I am a mathematician, and to me, if you already know what the tangent bundle is, and its dual the cotangent bundle, and hence know what tangent and cotangent vector fields are, then the 20 page explanation in Spivak's chapter 4, of his Comprehensive introduction to differential geometry, is as clear as it gets. Still, it is demanding and difficult, because the subject is complicated.
Basically, for each vector space V, one can construct new spaces of functions from it. One has linear functions V-->k, where k is the real numbers, and one has "multi linear" functions Vx...xV-->k, which are linear in each variable separately. These are called (point wise) "k-tensors".
Then one takes families of these spaces. Namely, at each point p of space, one considers the vector space of tangent vectors based at p. This family of tangent spaces, one for each point p, gives the "tangent bundle" of the space. Correspondingly one has the k-fold tensor bundle, a family assigning the space of k tensors at p, to each point p.
A k-tensor "field" is a choice of a k-tensor at each point p of space, This defines a function on k-vector fields. I.e. if at each point p we have chosen k vectors, then at each point p, we let our chosen k-tensor operate on the chosen k-tuple of tangent vectors, obtaining a number.
This gives us a function from k-tuples of tangent vector fields to numbers, which is characterized by the fact that it is linear in each variable separately, over the smooth functions.
I.e. a function times a function is a function, and a function times a vector field is a vector field; and if you let your tensor field act on a k-tuple of vector fields, getting a function, then multiply by a given function, you get the same result as if you first multiplied any one of the vector fields by your function, and then let the tensor field act on the resulting k-tuple.
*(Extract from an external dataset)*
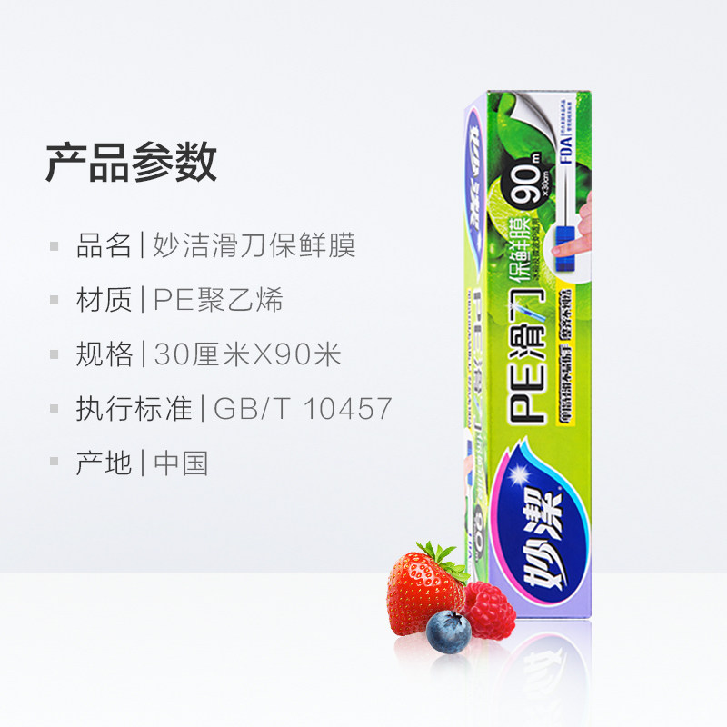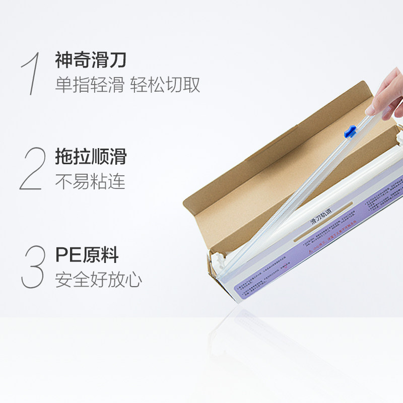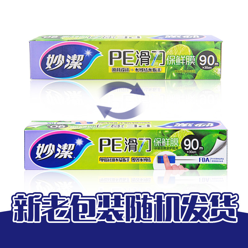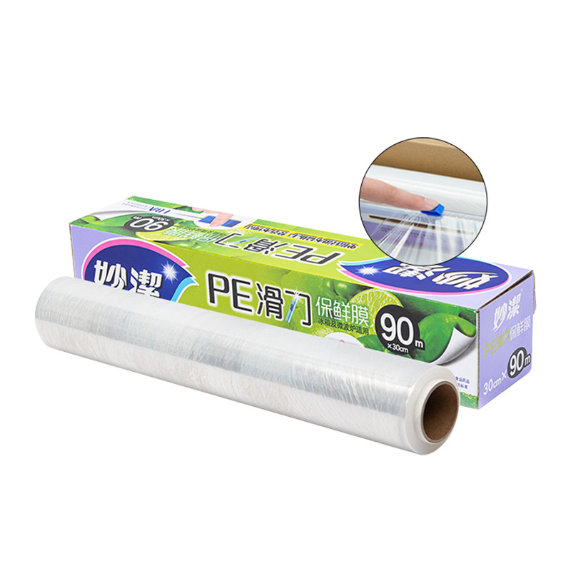 Miaojie sliding knife type PE cling film 90 meters kitchen food grade with cutter cutting machine box easy to use does not hurt hands

I.e. given a tensor field, a k-tuple of vector fields, and a function, you can combine them to get a function in two ways: first multiply the function by any one of the vector fields, and then act on the resulting k-tuple of vector fields by the tensor field; or let the tensor field act first on the original k-tuple of vector fields, and then multiply by the function. The result is the same function.
The main result about tensor fields is that any such operation on k-tuples of vector fields that is (multi) linear in that way over the functions, comes from a k-tensor field.
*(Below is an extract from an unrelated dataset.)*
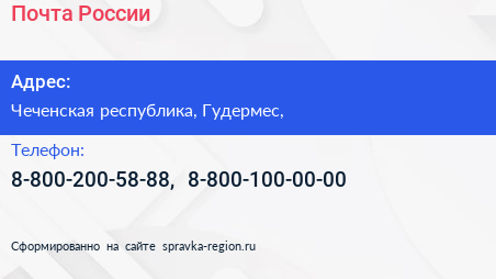 Почта России по адресу Чеченская республика, Гудермес, в дальнейшем Организация, размещена в следующих категориях:

You see why this is complicated. But I recommend spivak.
The really complicated part is the notation, because you need to assign multiple indexes to bases of k-tuples of linear functions.
But the idea is just that, given k tangent vectors at each point, a tensor assigns a number at each point. I.e., a k-tensor field takes k-vector fields to functions, just as when k=1, a (dual, or co-) vector field takes a vector field to a function.
One can also make this sound more complicated by considering a k-tensor field and an m-vector field, together as a "mixed" (m,k) [or (k,m)?] tensor field. Then letting some components of the tensor field act on some components of the vector field, is called "contracting", since some pairs of tensor and vector components are replaced by numbers. Hence contracting one pair of components of an (m,k) field, gives a smaller, (m-1,k-1) field.
In these mixed fields, the tensor components are called covariant, and the vector components are called contravariant, because their local coordinate expressions transform differently under changes of coordinates, (presumably either by the Jacobian matrix of partials or its transpose?). (A quick look at Orodruin's insight article suggests these different types of components are distinguished by upper or lower indices, in local coordinates. Then I suspect "contraction" just means multiplying a coefficient with a given upper index times one with corresponding lower index.)
Apologies if this helps no one. The physicists here are certainly better sources, but I hoped to understand it better myself by writing this paragraph.
As to the physics, one presumably has some physical phenomena which see k-tuples of tangent vectors, gobble them up, and spit out numbers.